## SOURCE DATA

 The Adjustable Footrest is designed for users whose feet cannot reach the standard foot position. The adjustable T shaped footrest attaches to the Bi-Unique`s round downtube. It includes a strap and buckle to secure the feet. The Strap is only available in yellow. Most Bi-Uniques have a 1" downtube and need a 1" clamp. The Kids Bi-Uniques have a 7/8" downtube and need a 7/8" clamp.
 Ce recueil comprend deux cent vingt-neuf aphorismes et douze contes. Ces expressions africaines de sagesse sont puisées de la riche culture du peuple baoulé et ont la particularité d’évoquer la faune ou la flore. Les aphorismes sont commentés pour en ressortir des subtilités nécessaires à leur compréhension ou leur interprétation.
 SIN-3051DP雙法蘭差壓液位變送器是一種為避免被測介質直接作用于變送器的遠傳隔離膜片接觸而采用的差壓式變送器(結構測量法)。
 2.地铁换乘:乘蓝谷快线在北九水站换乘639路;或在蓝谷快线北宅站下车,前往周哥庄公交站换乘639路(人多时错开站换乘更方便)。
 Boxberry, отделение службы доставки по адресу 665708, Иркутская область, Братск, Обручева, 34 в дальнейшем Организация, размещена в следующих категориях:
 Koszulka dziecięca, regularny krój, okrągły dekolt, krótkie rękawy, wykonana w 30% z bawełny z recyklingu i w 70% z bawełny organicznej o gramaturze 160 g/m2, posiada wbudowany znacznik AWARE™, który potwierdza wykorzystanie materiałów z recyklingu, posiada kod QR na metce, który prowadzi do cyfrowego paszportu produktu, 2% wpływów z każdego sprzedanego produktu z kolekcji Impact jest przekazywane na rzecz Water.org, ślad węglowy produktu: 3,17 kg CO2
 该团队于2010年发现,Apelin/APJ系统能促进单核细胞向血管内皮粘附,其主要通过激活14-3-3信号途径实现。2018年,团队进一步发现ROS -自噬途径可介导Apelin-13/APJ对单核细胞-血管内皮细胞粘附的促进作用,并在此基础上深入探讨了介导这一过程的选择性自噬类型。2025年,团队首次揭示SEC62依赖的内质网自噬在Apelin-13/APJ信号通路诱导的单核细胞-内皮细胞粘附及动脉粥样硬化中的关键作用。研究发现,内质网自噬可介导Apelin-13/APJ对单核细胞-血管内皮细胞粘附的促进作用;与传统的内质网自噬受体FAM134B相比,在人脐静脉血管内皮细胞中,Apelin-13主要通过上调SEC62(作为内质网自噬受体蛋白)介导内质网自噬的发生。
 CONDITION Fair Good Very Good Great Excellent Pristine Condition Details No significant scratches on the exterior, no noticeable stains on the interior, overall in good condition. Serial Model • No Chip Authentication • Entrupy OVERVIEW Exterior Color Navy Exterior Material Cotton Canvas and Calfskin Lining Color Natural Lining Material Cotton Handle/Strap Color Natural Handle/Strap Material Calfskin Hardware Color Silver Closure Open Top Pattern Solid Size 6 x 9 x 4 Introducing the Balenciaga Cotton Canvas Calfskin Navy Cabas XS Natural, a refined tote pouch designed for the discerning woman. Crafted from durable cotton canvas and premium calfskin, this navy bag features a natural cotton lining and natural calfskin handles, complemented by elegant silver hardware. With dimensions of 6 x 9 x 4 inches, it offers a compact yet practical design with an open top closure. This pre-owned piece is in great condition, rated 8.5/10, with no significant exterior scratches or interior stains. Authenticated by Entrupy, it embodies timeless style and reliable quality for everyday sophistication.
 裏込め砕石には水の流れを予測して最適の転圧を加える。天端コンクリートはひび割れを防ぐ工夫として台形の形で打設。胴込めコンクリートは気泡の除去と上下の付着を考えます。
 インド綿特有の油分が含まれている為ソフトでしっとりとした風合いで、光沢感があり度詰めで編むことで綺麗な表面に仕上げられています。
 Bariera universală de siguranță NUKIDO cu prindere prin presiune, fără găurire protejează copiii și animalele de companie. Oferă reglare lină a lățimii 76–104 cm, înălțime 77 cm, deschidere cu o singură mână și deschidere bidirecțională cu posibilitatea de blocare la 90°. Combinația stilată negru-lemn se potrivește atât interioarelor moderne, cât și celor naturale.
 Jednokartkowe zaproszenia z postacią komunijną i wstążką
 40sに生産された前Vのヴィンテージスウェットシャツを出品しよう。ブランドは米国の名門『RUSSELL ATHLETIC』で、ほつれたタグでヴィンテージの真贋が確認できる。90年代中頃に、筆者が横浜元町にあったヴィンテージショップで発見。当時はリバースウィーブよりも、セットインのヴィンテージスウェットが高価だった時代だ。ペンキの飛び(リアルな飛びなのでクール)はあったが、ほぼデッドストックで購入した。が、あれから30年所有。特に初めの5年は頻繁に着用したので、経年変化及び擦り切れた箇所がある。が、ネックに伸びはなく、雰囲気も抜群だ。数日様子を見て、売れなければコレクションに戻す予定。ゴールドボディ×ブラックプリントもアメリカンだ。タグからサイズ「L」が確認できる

## WHAT YOU NEED TO DO
From the first record to the last, copy everything exactly.

## OUTPUT OF THE TASK
 The Adjustable Footrest is designed for users whose feet cannot reach the standard foot position. The adjustable T shaped footrest attaches to the Bi-Unique`s round downtube. It includes a strap and buckle to secure the feet. The Strap is only available in yellow. Most Bi-Uniques have a 1" downtube and need a 1" clamp. The Kids Bi-Uniques have a 7/8" downtube and need a 7/8" clamp.
 Ce recueil comprend deux cent vingt-neuf aphorismes et douze contes. Ces expressions africaines de sagesse sont puisées de la riche culture du peuple baoulé et ont la particularité d’évoquer la faune ou la flore. Les aphorismes sont commentés pour en ressortir des subtilités nécessaires à leur compréhension ou leur interprétation.
 SIN-3051DP雙法蘭差壓液位變送器是一種為避免被測介質直接作用于變送器的遠傳隔離膜片接觸而采用的差壓式變送器(結構測量法)。
 2.地铁换乘:乘蓝谷快线在北九水站换乘639路;或在蓝谷快线北宅站下车,前往周哥庄公交站换乘639路(人多时错开站换乘更方便)。
 Boxberry, отделение службы доставки по адресу 665708, Иркутская область, Братск, Обручева, 34 в дальнейшем Организация, размещена в следующих категориях:
 Koszulka dziecięca, regularny krój, okrągły dekolt, krótkie rękawy, wykonana w 30% z bawełny z recyklingu i w 70% z bawełny organicznej o gramaturze 160 g/m2, posiada wbudowany znacznik AWARE™, który potwierdza wykorzystanie materiałów z recyklingu, posiada kod QR na metce, który prowadzi do cyfrowego paszportu produktu, 2% wpływów z każdego sprzedanego produktu z kolekcji Impact jest przekazywane na rzecz Water.org, ślad węglowy produktu: 3,17 kg CO2
 该团队于2010年发现,Apelin/APJ系统能促进单核细胞向血管内皮粘附,其主要通过激活14-3-3信号途径实现。2018年,团队进一步发现ROS -自噬途径可介导Apelin-13/APJ对单核细胞-血管内皮细胞粘附的促进作用,并在此基础上深入探讨了介导这一过程的选择性自噬类型。2025年,团队首次揭示SEC62依赖的内质网自噬在Apelin-13/APJ信号通路诱导的单核细胞-内皮细胞粘附及动脉粥样硬化中的关键作用。研究发现,内质网自噬可介导Apelin-13/APJ对单核细胞-血管内皮细胞粘附的促进作用;与传统的内质网自噬受体FAM134B相比,在人脐静脉血管内皮细胞中,Apelin-13主要通过上调SEC62(作为内质网自噬受体蛋白)介导内质网自噬的发生。
 CONDITION Fair Good Very Good Great Excellent Pristine Condition Details No significant scratches on the exterior, no noticeable stains on the interior, overall in good condition. Serial Model • No Chip Authentication • Entrupy OVERVIEW Exterior Color Navy Exterior Material Cotton Canvas and Calfskin Lining Color Natural Lining Material Cotton Handle/Strap Color Natural Handle/Strap Material Calfskin Hardware Color Silver Closure Open Top Pattern Solid Size 6 x 9 x 4 Introducing the Balenciaga Cotton Canvas Calfskin Navy Cabas XS Natural, a refined tote pouch designed for the discerning woman. Crafted from durable cotton canvas and premium calfskin, this navy bag features a natural cotton lining and natural calfskin handles, complemented by elegant silver hardware. With dimensions of 6 x 9 x 4 inches, it offers a compact yet practical design with an open top closure. This pre-owned piece is in great condition, rated 8.5/10, with no significant exterior scratches or interior stains. Authenticated by Entrupy, it embodies timeless style and reliable quality for everyday sophistication.
 裏込め砕石には水の流れを予測して最適の転圧を加える。天端コンクリートはひび割れを防ぐ工夫として台形の形で打設。胴込めコンクリートは気泡の除去と上下の付着を考えます。
 インド綿特有の油分が含まれている為ソフトでしっとりとした風合いで、光沢感があり度詰めで編むことで綺麗な表面に仕上げられています。
 Bariera universală de siguranță NUKIDO cu prindere prin presiune, fără găurire protejează copiii și animalele de companie. Oferă reglare lină a lățimii 76–104 cm, înălțime 77 cm, deschidere cu o singură mână și deschidere bidirecțională cu posibilitatea de blocare la 90°. Combinația stilată negru-lemn se potrivește atât interioarelor moderne, cât și celor naturale.
 Jednokartkowe zaproszenia z postacią komunijną i wstążką
 40sに生産された前Vのヴィンテージスウェットシャツを出品しよう。ブランドは米国の名門『RUSSELL ATHLETIC』で、ほつれたタグでヴィンテージの真贋が確認できる。90年代中頃に、筆者が横浜元町にあったヴィンテージショップで発見。当時はリバースウィーブよりも、セットインのヴィンテージスウェットが高価だった時代だ。ペンキの飛び(リアルな飛びなのでクール)はあったが、ほぼデッドストックで購入した。が、あれから30年所有。特に初めの5年は頻繁に着用したので、経年変化及び擦り切れた箇所がある。が、ネックに伸びはなく、雰囲気も抜群だ。数日様子を見て、売れなければコレクションに戻す予定。ゴールドボディ×ブラックプリントもアメリカンだ。タグからサイズ「L」が確認できる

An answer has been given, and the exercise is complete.